• [REQUIREMENT] Using the data below, transcribe exactly everything from the line that contains "绿地广东各社区迅速采购红外测" down to the line that contains "मिटरब्याज तथा ठगीबिरुद्ध". Include both of those lines and none of the pictures.

• [RECORD EXCERPTS]
+ + + +

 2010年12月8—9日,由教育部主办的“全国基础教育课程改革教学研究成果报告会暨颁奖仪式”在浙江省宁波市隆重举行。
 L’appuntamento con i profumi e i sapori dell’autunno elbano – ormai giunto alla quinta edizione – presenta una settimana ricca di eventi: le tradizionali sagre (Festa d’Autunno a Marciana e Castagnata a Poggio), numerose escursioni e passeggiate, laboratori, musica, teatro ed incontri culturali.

+ + + +

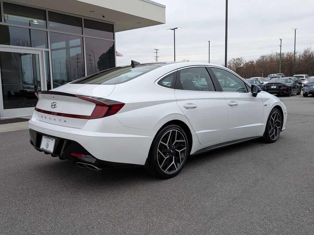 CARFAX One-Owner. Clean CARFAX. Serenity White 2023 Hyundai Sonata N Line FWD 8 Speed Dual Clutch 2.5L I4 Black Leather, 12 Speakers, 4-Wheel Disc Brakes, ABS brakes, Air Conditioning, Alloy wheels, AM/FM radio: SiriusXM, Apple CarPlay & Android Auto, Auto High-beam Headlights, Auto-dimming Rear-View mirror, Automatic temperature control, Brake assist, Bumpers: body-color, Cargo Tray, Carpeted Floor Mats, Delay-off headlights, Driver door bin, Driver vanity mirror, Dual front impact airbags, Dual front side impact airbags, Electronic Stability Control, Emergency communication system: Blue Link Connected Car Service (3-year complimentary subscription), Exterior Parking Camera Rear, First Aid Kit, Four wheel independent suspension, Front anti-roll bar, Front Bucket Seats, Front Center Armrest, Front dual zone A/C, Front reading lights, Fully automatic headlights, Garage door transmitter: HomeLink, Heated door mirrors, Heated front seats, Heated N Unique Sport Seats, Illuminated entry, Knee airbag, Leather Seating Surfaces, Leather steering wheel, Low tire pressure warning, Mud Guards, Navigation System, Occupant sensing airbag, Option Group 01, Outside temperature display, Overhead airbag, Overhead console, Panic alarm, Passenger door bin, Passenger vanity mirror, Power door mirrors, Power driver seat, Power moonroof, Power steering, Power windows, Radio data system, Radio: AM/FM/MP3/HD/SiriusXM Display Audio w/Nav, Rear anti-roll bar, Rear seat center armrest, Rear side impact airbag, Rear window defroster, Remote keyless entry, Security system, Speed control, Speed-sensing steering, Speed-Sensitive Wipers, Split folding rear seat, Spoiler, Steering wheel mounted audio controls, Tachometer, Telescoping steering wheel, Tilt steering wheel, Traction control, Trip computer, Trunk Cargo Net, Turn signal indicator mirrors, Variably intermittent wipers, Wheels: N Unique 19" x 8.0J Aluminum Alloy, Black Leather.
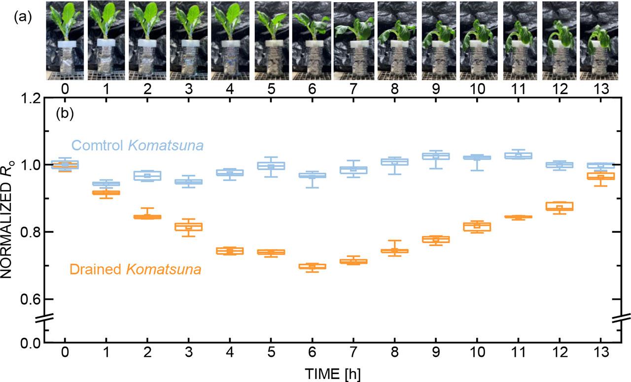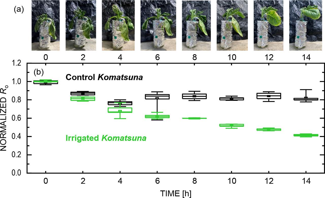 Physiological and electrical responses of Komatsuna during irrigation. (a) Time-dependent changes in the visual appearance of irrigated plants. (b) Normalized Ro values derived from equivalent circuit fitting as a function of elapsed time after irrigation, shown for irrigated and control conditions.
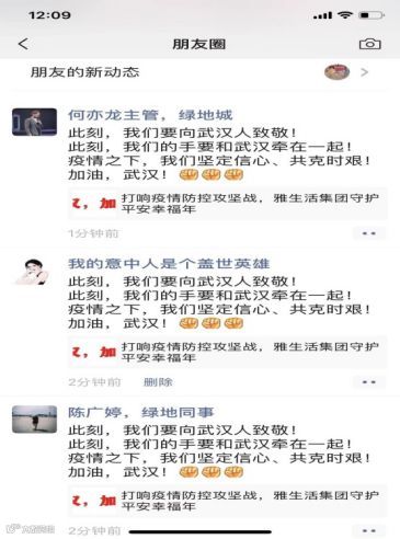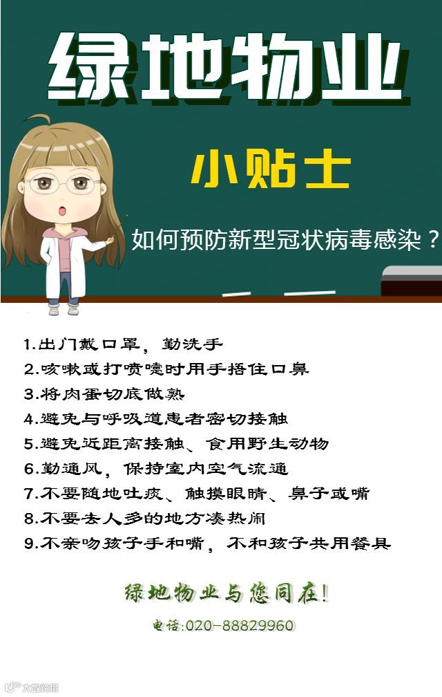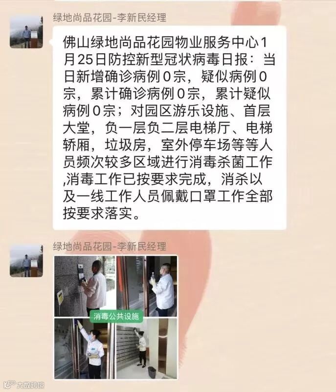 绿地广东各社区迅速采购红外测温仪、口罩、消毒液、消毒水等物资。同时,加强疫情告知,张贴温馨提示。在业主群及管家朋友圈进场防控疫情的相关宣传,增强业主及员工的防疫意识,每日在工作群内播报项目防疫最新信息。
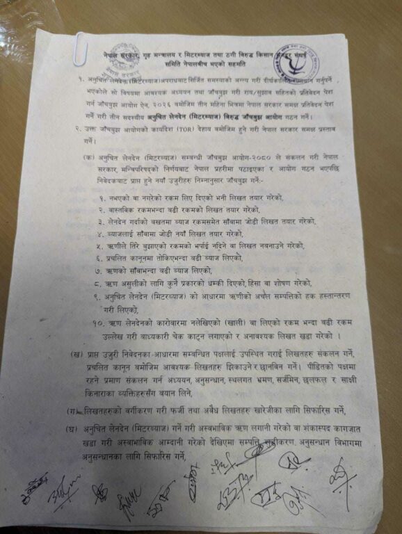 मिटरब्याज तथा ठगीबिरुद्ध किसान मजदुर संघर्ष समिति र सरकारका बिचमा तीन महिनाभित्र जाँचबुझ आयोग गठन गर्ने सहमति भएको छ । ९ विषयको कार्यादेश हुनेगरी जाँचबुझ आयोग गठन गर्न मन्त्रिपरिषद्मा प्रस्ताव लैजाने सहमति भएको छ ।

+ + + +

• [REPLY TO THE TASK]
 绿地广东各社区迅速采购红外测温仪、口罩、消毒液、消毒水等物资。同时,加强疫情告知,张贴温馨提示。在业主群及管家朋友圈进场防控疫情的相关宣传,增强业主及员工的防疫意识,每日在工作群内播报项目防疫最新信息。
 मिटरब्याज तथा ठगीबिरुद्ध किसान मजदुर संघर्ष समिति र सरकारका बिचमा तीन महिनाभित्र जाँचबुझ आयोग गठन गर्ने सहमति भएको छ । ९ विषयको कार्यादेश हुनेगरी जाँचबुझ आयोग गठन गर्न मन्त्रिपरिषद्मा प्रस्ताव लैजाने सहमति भएको छ ।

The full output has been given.